Le trait Boulonnais, une affaire de famille

Daniel Louchet, avec l’aide de sa famille (sa femme Sabine et leurs trois enfants, Élise, Jérôme et Laurent) ne compte pas ses heures que la passion du Trait Boulonnais puisse perdurer à La Wattine. La famille compte une quarantaine de chevaux, dont six étalons approuvés pour la monte, tous d’origines différentes. « Mon grand-père et mon père élevaient des chevaux Boulonnais, explique le passionné. J’ai baigné dans cette quasi tradition dès l’enfance. J’ai d’ailleurs connu le travail au champ avec les chevaux, avant que le tracteur n’apparaisse dans les fermes au début des années 70 ».
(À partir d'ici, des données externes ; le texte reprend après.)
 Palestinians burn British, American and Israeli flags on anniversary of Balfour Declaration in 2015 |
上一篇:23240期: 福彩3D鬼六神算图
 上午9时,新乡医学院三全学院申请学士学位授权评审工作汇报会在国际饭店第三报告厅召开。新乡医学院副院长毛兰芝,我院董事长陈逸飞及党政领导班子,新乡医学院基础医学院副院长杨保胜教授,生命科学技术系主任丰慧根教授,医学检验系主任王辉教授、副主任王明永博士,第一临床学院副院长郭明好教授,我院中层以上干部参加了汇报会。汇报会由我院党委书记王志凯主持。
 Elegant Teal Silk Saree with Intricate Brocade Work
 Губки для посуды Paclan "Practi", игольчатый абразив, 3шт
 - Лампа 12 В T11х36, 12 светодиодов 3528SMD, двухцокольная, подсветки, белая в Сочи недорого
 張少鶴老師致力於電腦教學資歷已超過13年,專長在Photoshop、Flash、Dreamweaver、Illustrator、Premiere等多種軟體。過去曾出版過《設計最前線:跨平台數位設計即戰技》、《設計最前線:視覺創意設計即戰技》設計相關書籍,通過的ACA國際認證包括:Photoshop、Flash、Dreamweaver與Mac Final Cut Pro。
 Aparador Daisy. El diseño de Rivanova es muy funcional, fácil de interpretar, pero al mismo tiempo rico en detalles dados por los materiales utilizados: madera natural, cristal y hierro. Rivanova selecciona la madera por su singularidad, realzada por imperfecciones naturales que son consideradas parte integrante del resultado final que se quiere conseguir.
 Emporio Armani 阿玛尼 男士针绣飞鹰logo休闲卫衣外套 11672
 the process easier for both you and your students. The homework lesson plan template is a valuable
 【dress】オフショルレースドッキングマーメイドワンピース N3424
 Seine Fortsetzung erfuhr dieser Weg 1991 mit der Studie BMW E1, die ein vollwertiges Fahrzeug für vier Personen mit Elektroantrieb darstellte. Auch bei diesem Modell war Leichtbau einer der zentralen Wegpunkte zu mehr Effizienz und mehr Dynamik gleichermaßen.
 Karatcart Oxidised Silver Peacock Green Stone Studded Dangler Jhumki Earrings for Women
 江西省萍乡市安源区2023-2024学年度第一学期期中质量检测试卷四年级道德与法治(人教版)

Le départ est prévu pour vendredi 18 février. Le salon, "une occasion de valoriser le cheval Boulonnais", assure Daniel Louchet, qui ne manque pas une opportunité de mettre en avant la race. L’année dernière, l’éleveur avait d’ailleurs prêté l’une des ses juments pour le ramassage de déchets, organisé par la société Astradec, à Berck.
Depuis 1959, chaque année sans exception, les chevaux de l’élevage obtiennent des récompenses. Sans pression, Daniel Louchet part néanmoins au salon dans l’espoir d’en ramener une ou plusieurs plaques en fer rouges ou bleues, emblèmes d’une passion et d’une bonne dose de travail quotidien.